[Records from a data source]
:::::

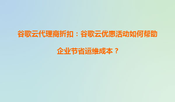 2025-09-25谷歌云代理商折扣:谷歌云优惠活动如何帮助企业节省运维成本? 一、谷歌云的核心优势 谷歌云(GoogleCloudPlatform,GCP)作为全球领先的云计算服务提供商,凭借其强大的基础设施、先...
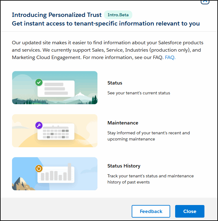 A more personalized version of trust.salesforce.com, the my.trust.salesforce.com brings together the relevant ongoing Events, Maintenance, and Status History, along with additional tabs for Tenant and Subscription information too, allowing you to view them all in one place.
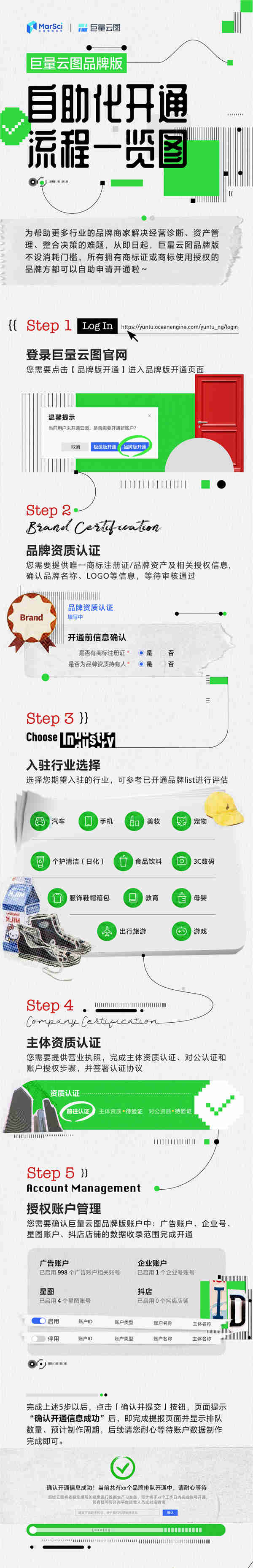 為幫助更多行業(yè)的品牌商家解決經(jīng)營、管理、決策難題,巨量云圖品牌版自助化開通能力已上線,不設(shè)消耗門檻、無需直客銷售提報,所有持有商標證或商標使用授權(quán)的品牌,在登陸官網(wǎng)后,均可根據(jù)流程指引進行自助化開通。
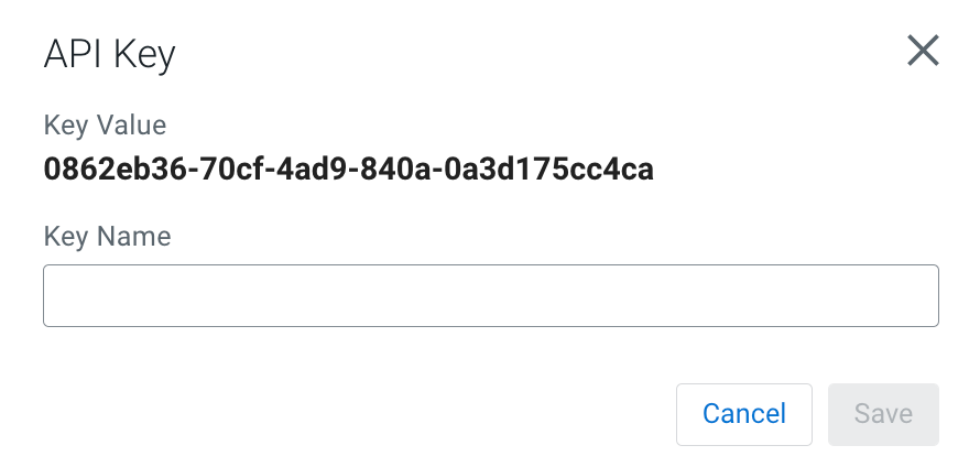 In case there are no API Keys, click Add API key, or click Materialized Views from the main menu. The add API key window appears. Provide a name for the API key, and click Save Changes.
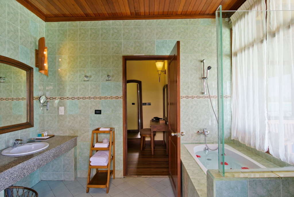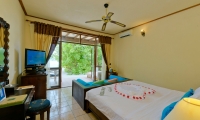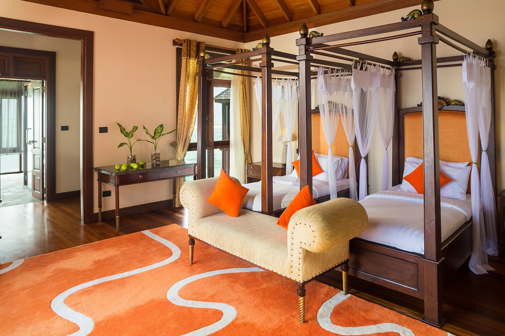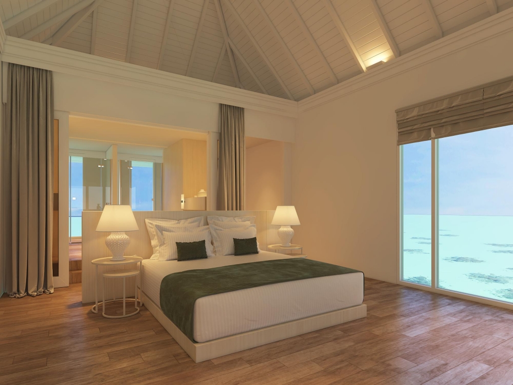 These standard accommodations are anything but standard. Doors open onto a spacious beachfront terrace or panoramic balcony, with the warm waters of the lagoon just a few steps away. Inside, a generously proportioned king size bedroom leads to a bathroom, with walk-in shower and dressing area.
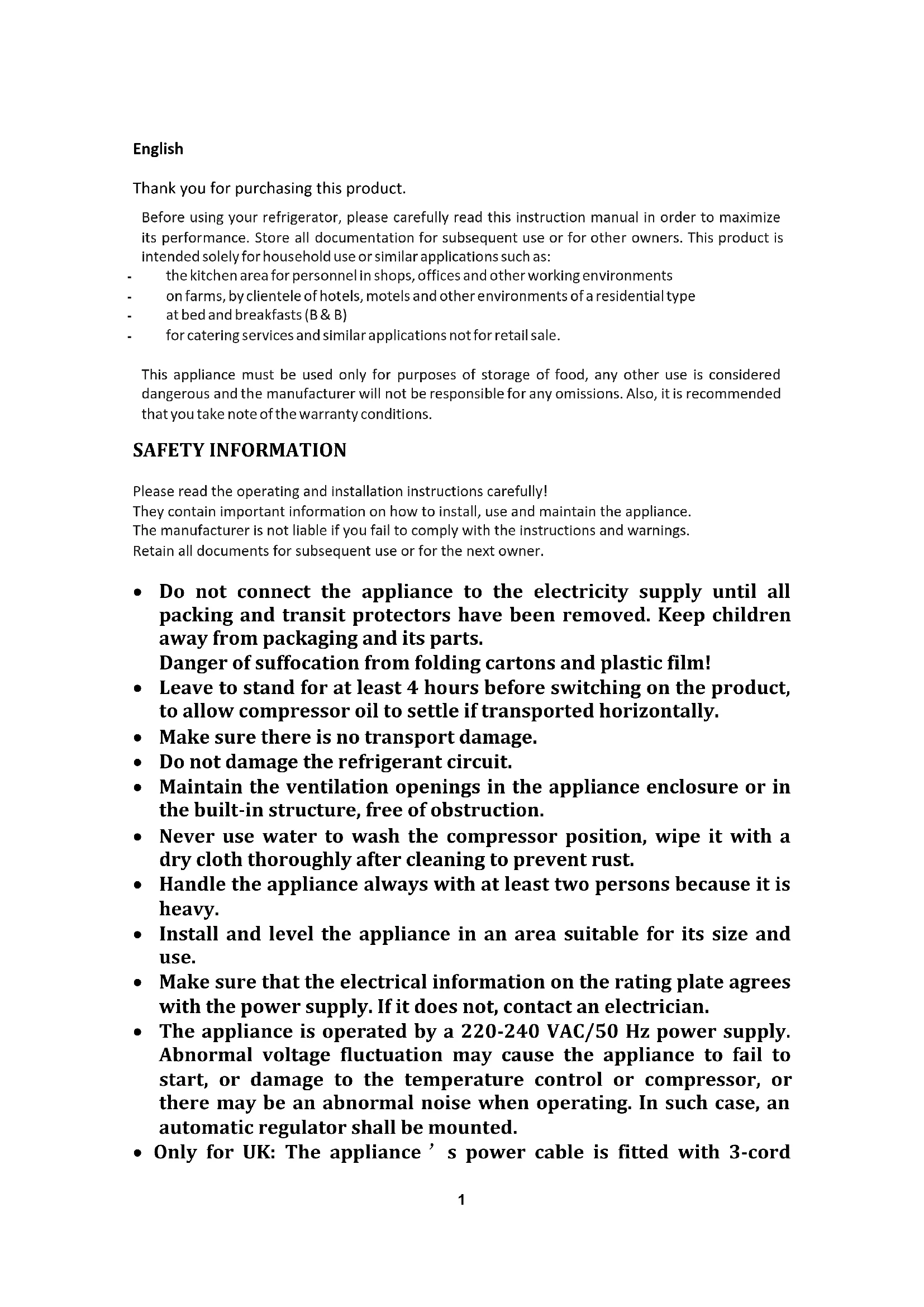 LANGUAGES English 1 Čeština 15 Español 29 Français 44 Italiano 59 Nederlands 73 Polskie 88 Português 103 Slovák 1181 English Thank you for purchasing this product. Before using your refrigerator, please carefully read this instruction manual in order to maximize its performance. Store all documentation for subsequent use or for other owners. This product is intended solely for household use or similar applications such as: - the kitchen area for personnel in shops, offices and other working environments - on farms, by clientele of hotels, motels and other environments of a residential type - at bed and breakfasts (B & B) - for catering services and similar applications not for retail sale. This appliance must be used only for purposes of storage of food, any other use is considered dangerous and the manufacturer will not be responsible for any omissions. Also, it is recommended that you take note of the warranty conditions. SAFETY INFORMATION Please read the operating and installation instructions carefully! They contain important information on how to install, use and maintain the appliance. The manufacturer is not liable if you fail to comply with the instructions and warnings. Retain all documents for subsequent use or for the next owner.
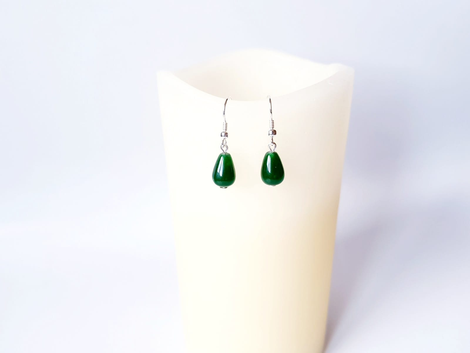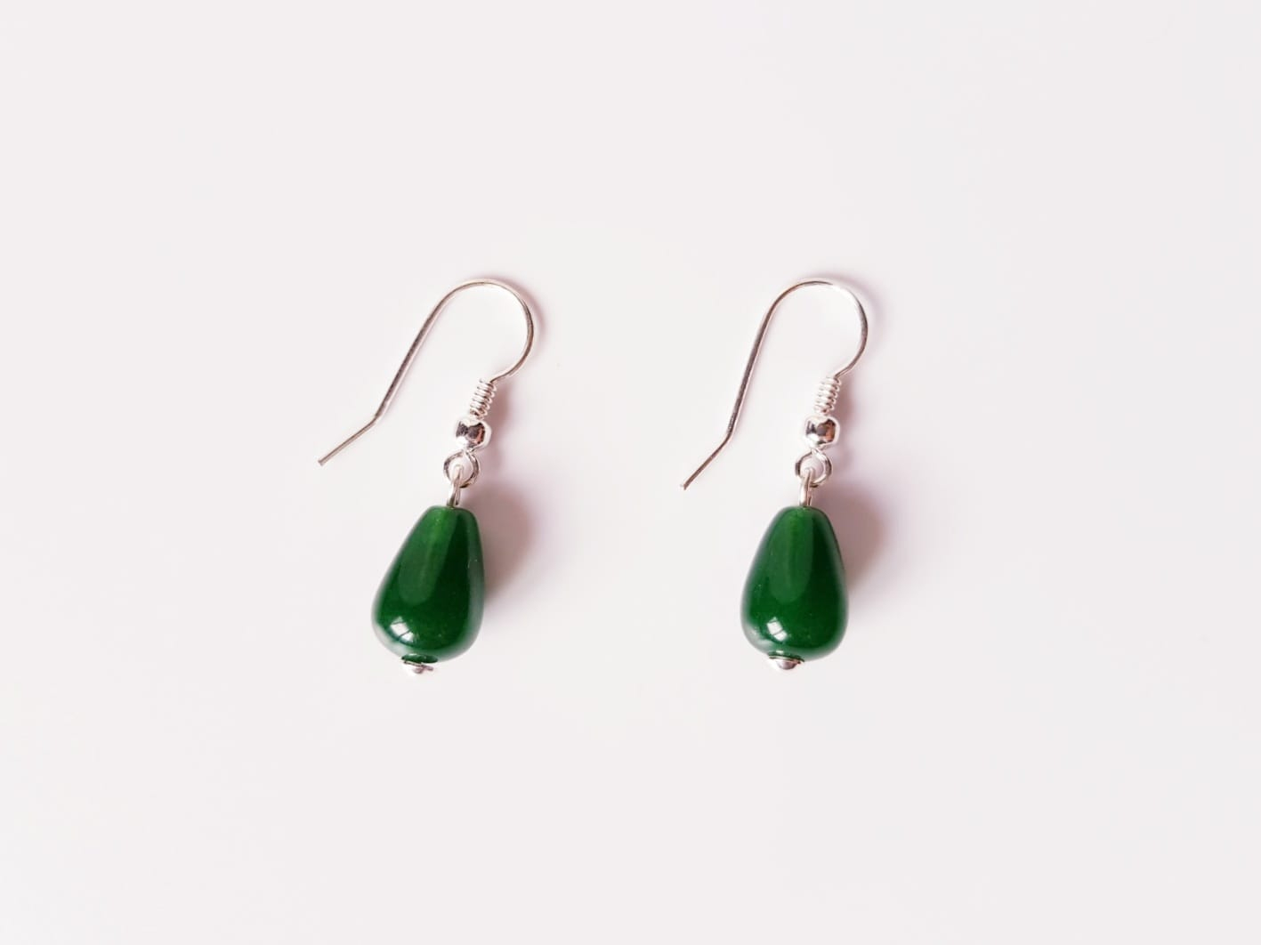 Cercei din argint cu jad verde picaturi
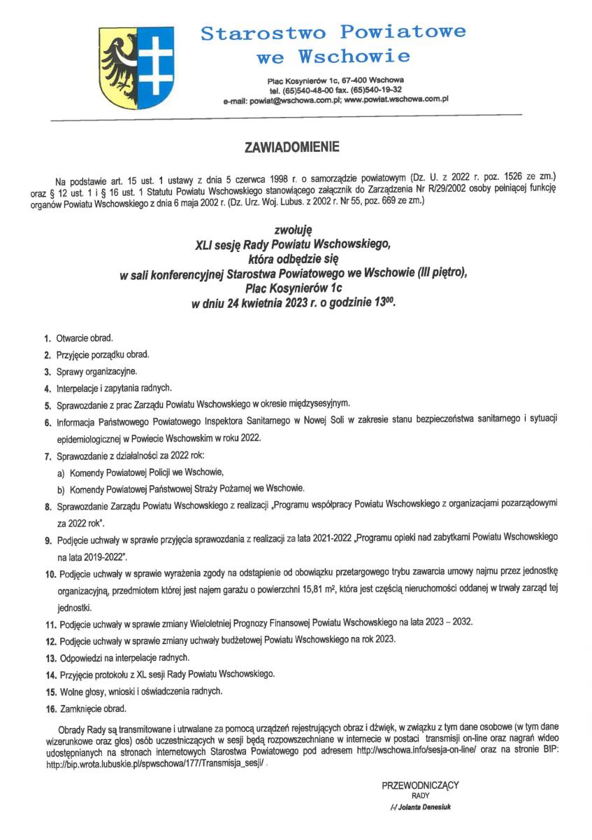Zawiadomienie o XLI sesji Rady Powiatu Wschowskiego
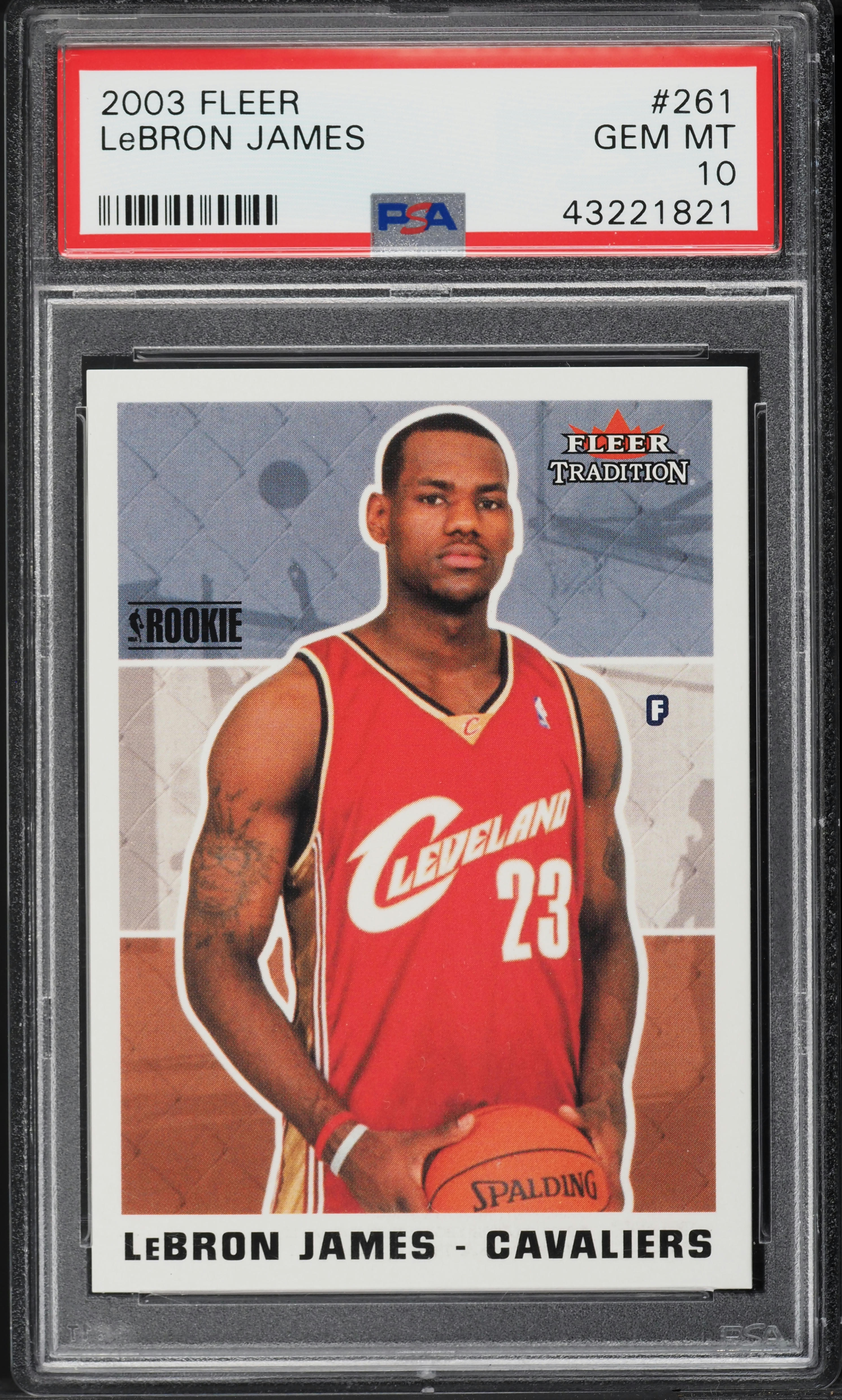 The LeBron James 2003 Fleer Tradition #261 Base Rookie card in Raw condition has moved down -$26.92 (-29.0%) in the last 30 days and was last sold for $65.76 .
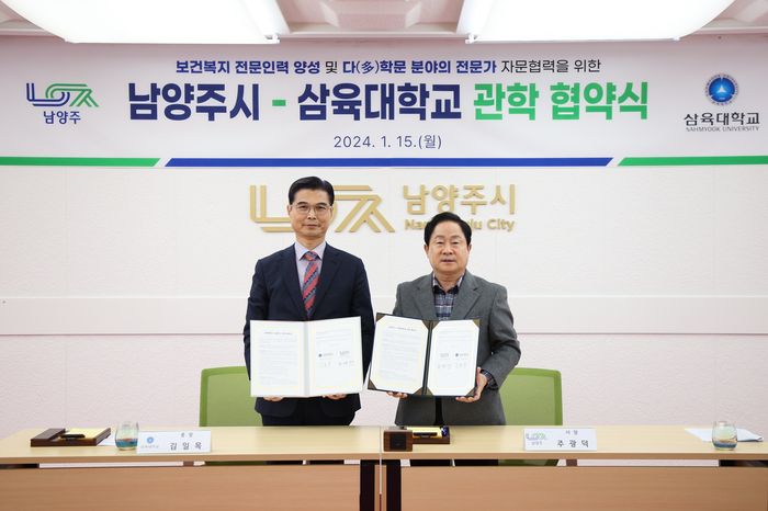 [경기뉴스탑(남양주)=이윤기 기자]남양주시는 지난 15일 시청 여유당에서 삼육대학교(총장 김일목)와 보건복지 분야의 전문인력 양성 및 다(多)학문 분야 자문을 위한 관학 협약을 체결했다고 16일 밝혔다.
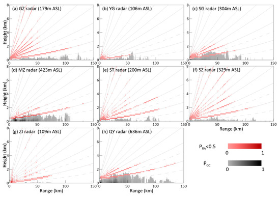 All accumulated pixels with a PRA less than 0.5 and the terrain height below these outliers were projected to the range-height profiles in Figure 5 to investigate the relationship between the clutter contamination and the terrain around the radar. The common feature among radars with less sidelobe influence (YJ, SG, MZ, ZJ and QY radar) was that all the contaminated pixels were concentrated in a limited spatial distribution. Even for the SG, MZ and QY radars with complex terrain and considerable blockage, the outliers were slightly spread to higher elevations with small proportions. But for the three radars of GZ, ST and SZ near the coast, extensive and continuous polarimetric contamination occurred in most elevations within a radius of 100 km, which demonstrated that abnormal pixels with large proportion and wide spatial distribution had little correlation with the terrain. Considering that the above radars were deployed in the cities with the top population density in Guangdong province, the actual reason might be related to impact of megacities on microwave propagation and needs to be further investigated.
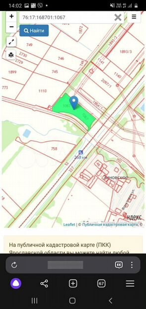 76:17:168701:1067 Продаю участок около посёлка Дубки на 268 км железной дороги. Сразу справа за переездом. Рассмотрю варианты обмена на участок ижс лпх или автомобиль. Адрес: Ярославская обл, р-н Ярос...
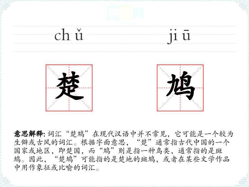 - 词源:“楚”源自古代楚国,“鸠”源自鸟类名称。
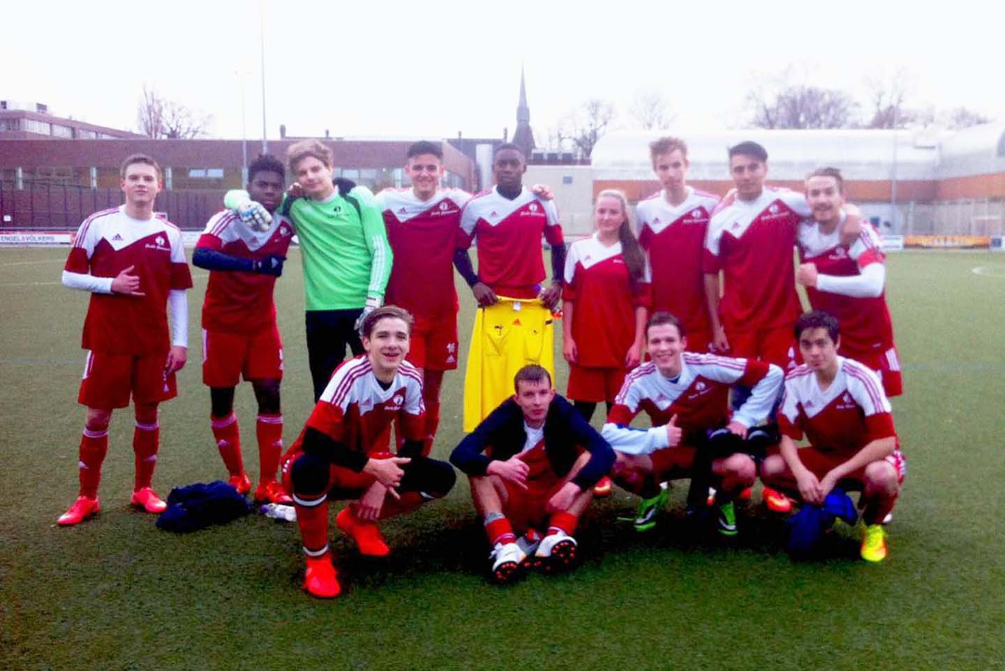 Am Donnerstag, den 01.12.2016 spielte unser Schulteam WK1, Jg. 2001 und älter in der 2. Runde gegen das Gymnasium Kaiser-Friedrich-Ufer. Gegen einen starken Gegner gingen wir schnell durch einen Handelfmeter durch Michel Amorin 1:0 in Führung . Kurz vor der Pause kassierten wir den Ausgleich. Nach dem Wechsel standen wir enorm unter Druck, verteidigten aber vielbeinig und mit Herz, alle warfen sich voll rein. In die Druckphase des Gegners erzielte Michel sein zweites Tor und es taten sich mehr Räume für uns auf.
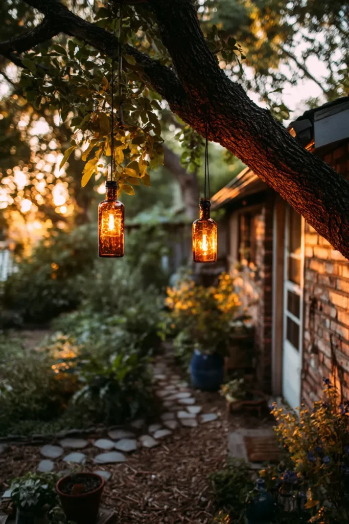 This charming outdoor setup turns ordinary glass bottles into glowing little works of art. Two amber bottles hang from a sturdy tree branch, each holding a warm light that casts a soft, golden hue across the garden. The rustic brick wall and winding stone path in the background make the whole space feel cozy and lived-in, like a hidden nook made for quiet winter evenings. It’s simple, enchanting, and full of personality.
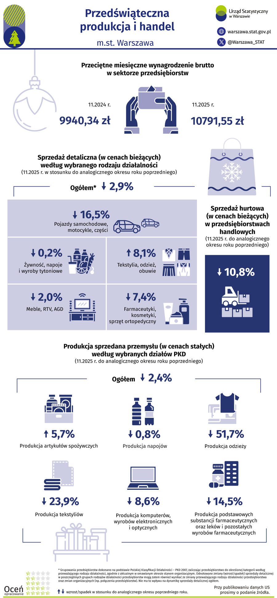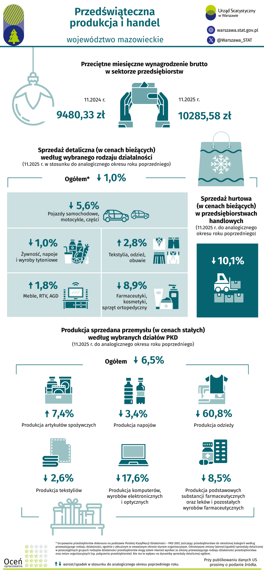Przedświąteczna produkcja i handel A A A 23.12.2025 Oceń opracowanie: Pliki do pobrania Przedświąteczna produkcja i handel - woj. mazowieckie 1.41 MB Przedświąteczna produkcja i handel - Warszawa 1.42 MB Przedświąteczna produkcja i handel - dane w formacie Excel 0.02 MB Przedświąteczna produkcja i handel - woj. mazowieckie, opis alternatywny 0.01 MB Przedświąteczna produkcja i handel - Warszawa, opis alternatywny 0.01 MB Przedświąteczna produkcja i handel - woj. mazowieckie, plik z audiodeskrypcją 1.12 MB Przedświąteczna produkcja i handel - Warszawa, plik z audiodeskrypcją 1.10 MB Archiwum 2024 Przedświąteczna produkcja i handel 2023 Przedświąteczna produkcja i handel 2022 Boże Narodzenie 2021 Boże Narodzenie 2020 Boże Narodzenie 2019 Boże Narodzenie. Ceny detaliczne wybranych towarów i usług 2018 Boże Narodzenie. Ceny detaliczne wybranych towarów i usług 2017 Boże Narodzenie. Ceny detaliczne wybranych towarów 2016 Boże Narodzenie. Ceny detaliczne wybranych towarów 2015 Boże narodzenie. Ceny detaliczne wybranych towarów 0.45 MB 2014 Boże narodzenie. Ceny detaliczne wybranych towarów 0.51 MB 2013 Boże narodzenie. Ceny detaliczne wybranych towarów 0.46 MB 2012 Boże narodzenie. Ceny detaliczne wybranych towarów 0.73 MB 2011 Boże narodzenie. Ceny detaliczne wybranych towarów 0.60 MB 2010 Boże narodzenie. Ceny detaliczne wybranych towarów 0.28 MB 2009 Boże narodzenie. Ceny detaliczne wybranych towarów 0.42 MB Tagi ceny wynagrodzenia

:::::

PROBLEM TO SOLVE :: Once the line with "The LeBron James" has been found above, output that line and every later line exactly, stopping after the line with "[경기뉴스탑(남양주)=이윤기 기자]남양주시는 지난", and omit the pictures.

SOLVED EXERCISE ::
 The LeBron James 2003 Fleer Tradition #261 Base Rookie card in Raw condition has moved down -$26.92 (-29.0%) in the last 30 days and was last sold for $65.76 .
 [경기뉴스탑(남양주)=이윤기 기자]남양주시는 지난 15일 시청 여유당에서 삼육대학교(총장 김일목)와 보건복지 분야의 전문인력 양성 및 다(多)학문 분야 자문을 위한 관학 협약을 체결했다고 16일 밝혔다.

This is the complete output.